C # Regular Expression (2): Common special characters (metacharacters, character limitation)

Source: Internet
Author: User
The delimiters and metacharacters in the regular expression:

 

Metacharacter is a special character that can represent a character or a type of character. a qualifier is the number of times a character appears.

 

Special characters Meaning Example
\

Similar to the escape character of a string, it is also used for escape.

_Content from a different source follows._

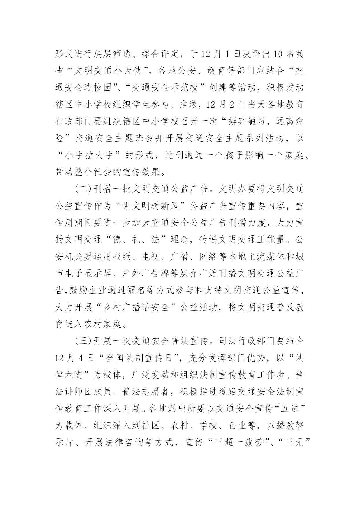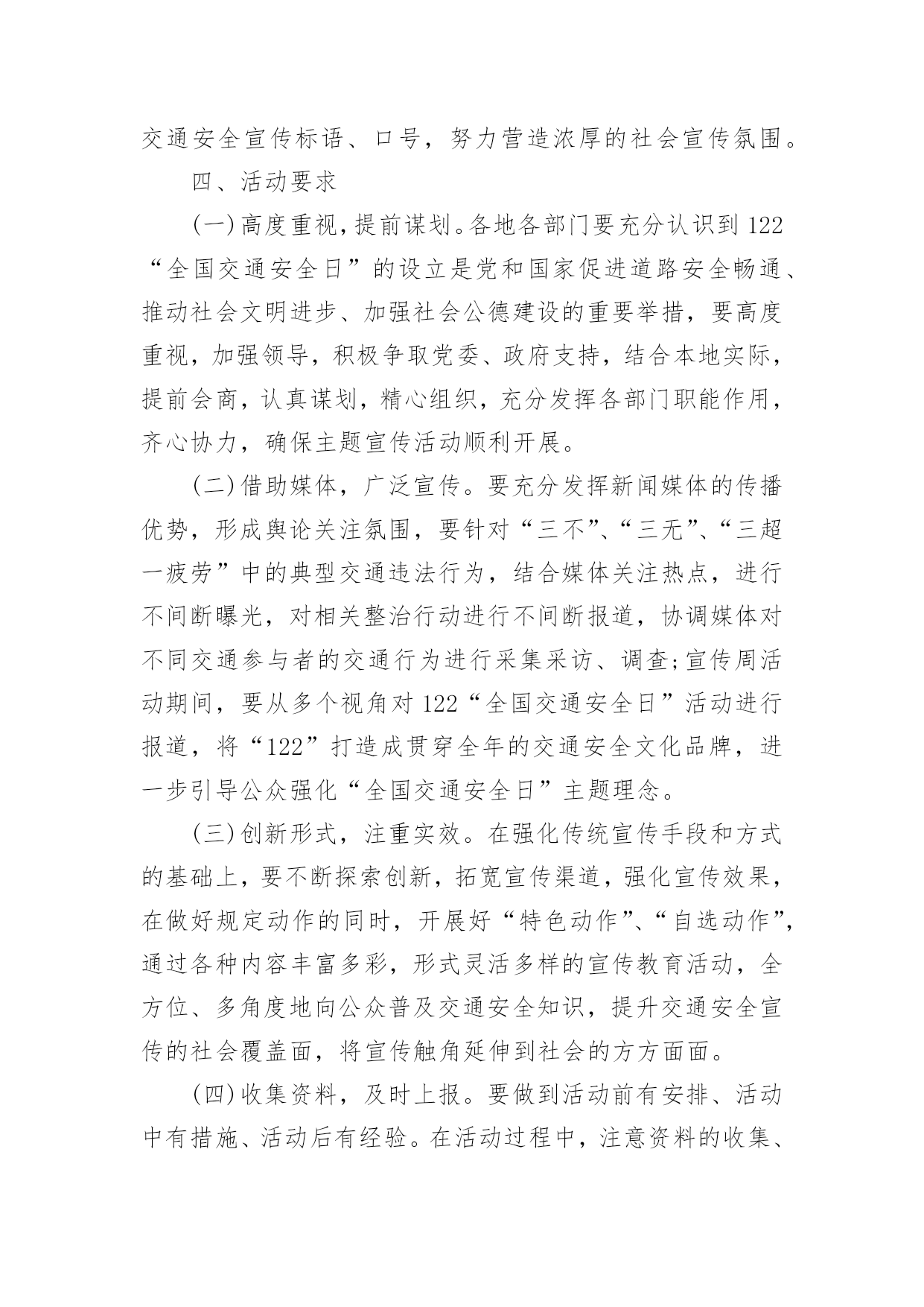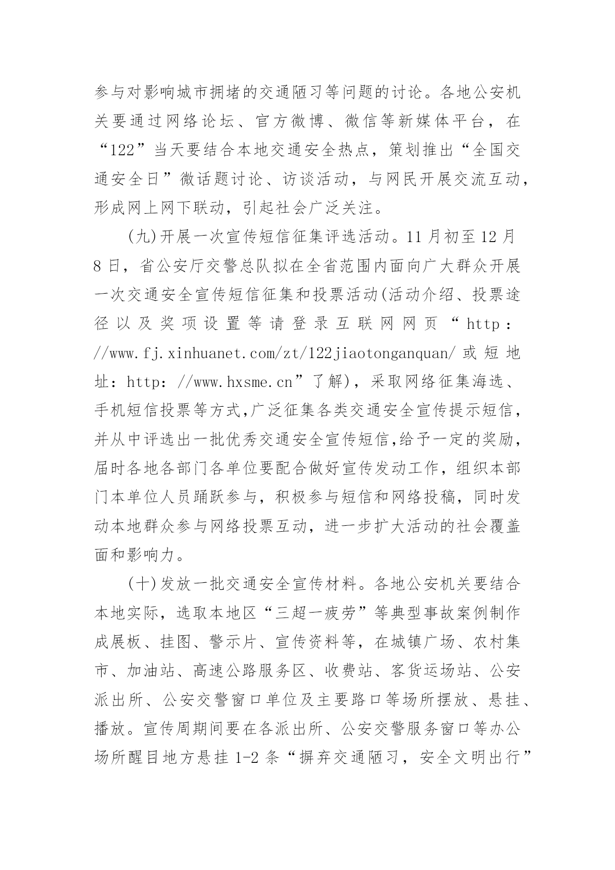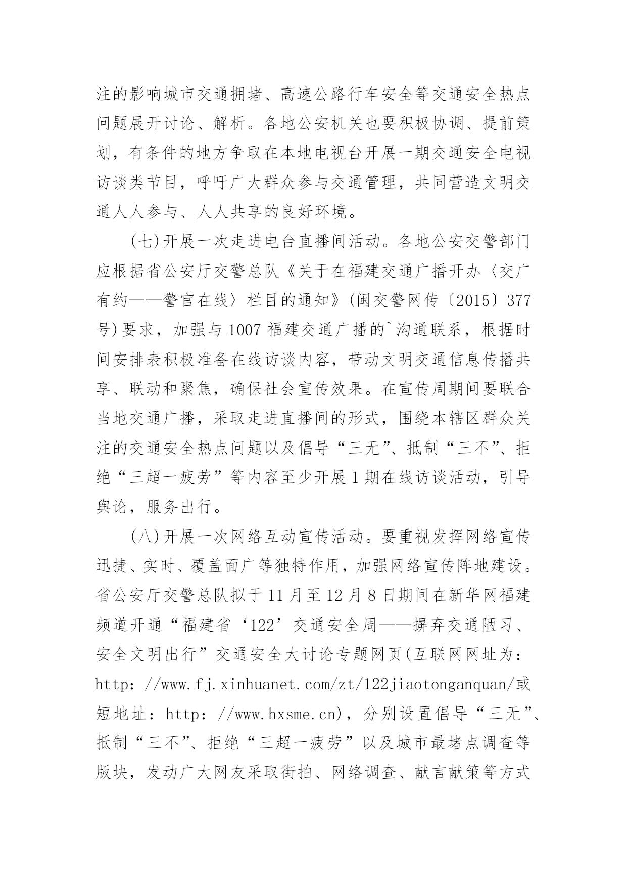 12.2交通安全日宣传活动方案为进一步弘扬现代文明交通理念,增强全民遵守交通法规意识,提升全民文明交通素质,推进“文明交通行动计划”的深入实施,为我省交通安全综合整治“三年行动”营造良好的社会舆论氛围,省公安厅、文明办、教育厅、司法厅、交通运输厅、安全监管局等部门决定联合开展全省“122”交通安全主题宣传周活动,特制定如下活动方案。一、活动时间2015年12月2日至8日,为期一周,12月2日为集中宣传日。二、活动主题紧扣“摒弃交通陋习,安全文明出行”主题,突出重点,在城市重点倡导“三不”(即“不随意变更车道,不乱停车,不闯红灯”)的主题活动;在农村重点拒绝“三无”(即拒绝“驾驶无牌车辆,无证驾驶车辆、骑摩托车不戴头盔”)的主题活动;在客货运输场站、高速公路服务区抵制“三超一疲劳”(即“超速、超员、超载和疲劳驾驶等交通违法行为”)的主题活动。三、活动内容(一)组织一次文明交通天使评选。从10月底起至12月2日,省公安厅、文明办、教育厅、FM1007福建交通广播联合开展“文明交通小天使”评选活动,采取交通安全法规、文明行车知识竞赛,交通故事演讲,亲子游戏,才艺展示等形式进行层层筛选、综合评定,于12月1日决评出10名我省“文明交通小天使”。各地公安、教育等部门应结合“交通安全进校园”、“交通安全示范校”创建等活动,积极发动辖区中小学校组织学生参与、推送,12月2日当天各地教育行政部门要组织辖区中小学校召开一次“摒弃陋习,远离危险”交通安全主题班会并开展交通安全主题系列活动,以“小手拉大手”的形式,达到通过一个孩子影响一个家庭、带动整个社会的宣传效果。(二)刊播一批文明交通公益广告。文明办要将文明交通公益宣传作为“讲文明树新风”公益广告宣传重要内容,宣传周期间要进一步加大交通安全公益广告刊播力度,大力宣扬文明交通“德、礼、法”理念,传递文明交通正能量。公安机关要运用报纸、电视、广播、网络等本地主流媒体和城市电子显示屏、户外广告牌等媒介广泛刊播文明交通公益广告,鼓励企业通过冠名等方式参与和支持文明交通公益宣传,大力开展“乡村广播话安全”公益活动,将文明交通普及教育送入农村家庭。(三)开展一次交通安全普法宣传。司法行政部门要结合12月4日“全国法制宣传日”,充分发挥部门优势,以“法律六进”为载体,广泛发动和组织法制宣传教育工作者、普法讲师团成员、普法志愿者,积极推进道路交通安全法制宣传教育工作深入开展。各地派出所要以交通安全宣传“五进”为载体、组织深入到社区、农村、学校、企业等,以播放警示片、开展法律咨询等方式,宣传“三超一疲劳”、“三无”等交通违法行为的危害性;同时督促、协助乡镇、街道、社区、村委等基层组织设立交通安全宣传栏或交通安全宣传橱窗,及时更新宣传内容。(四)曝光一批交通事故典型案例。安全监管部门要联合公安交通管理部门在宣传周期间集中曝光一批重大较大交通事故案例及相关责任人员处理情况,曝光一批本地发生的“三超一疲劳”交通违法行为等,加强警示安全教育,进一步提升全民的安全生产法治意识,在全社会营造“人人谴责交通违法行为、人人践行文明交通”的浓厚氛围。(五)开展一次客货运重点宣教活动。交通运输部门要推动运输企业交通安全宣传主体责任落实,督促客货运输企业在宣传周期间至少组织开展1次交通安全宣传教育活动,确保企业人员受教育率达100%;交通、公安等部门要督促有关单位在客运站(场)、高速公路出入口、服务区张贴交通安全宣传挂图和标语横幅、设置宣传栏播放交通安全宣传视频。12月2日当天,各地要通过手机短信、微博传播、微信通知等方式开展全国交通安全日点对点宣传,加强交通法规政策、交通安全知识和安全行车常识等实时发布,设区市公安交警部门要运用我省交通安全宣传短信平台向辖区机动车驾驶人发送1-2条交通安全宣传提示短信。(六)开展一期交通安全电视访谈节目。省公安厅交警总队拟与福建广电集团新闻频道合作,“122”期间在该频道《新闻追追追》栏目开展1-2期交通安全电视访谈类节目,邀请畅通工程专家、运输企业代表等作为嘉宾,围绕百姓关注的影响城市交通拥堵、高速公路行车安全等交通安全热点问题展开讨论、解析。各地公安机关也要积极协调、提前策划,有条件的地方争取在本地电视台开展一期交通安全电视访谈类节目,呼吁广大群众参与交通管理,共同营造文明交通人人参与、人人共享的良好环境。(七)开展一次走进电台直播间活动。各地公安交警部门应根据省公安厅交警总队《关于在福建交通广播开办〈交广有约——警官在线〉栏目的通知》(闽交警网传〔2015〕377号)要求,加强与1007福建交通广播的`沟通联系,根据时间安排表积极准备在线访谈内容,带动文明交通信息传播共享、联动和聚焦,确保社会宣传效果。在宣传周期间要联合当地交通广播,采取走进直播间的形式,围绕本辖区群众关注的交通安全热点

For example, $ is a special character. To match $, $ is required.
^ Match the start position of a string ^ A matches Arwen but does not match barwen.
$ Match the end of a string En $ matches Arwen. But does not match arwenb.
* Match the previous character 0 or multiple times A * rwen indicates that the letter A appears 0 or multiple times. It can match rwen or aaarwen.
+ Match the previous character once or multiple times A + rwen indicates that the letter A appears once or multiple times. It cannot be 0. It can match Arwen or aarwen, but cannot match rwen.
? Match the first character 0 or 1 time A? Rwen indicates that a appears 0 or once. It can match Arwen or rwen, but it cannot match aarwen.
{N} Match the previous character EXACTLY n times, where n is an integer Ar {2} Wen can match arrwen, but cannot match Arwen or arrrwen.
{N, m}

Match the previous character at least N times, at most m times.

{N,} indicates at least N matching times. There is no upper limit.

Ar {1, 2} Wen can match Arwen, arrwen. But it does not match awen or arrrwen.
.

Point number, matching any single character except line breaks. Use line breaks\ N

Arw. N. can match Arwen, arwin. but cannot match arween or arwn.
\ W Matches characters or numbers, underlines, and Chinese characters  
\ D Matching number  
\ S Match any blank characters It seems that carriage return \ r and linefeed \ n are also counted as blank characters.
\ B Switch or end of a matching word This must be separated from the switch and end of the character ^, $. We use a string of characters separated by spaces as a word, but the string is a long string of characters.
     
  Note:

Special characters are case-sensitive. All the above characters are in lower case.

 

 

It indicates a backslash character.

The characters mentioned above are all in lower case. Some corresponding upper case characters indicate the opposite meaning.

\ W match is not a letter, number, underline, or Chinese character.

\ S match any character that is not blank

\ D match any character that is not a number

\ B matching is not the start or end position of a word

 

Parentheses

Brackets: [], which indicates either of the Characters

For example, [ABCD] + indicates that the four letters of ABCD appear once or multiple times.

 

The combination of parentheses () and | indicates either of them. In fact, they are similar to [], except that [] can only select one letter, and () can select one string.

(ABC | DEF) + indicates that either of the two strings ABC or def appears once or multiple times.

 

The other is ^, which indicates the start of the string, but put it in [] to get the opposite meaning.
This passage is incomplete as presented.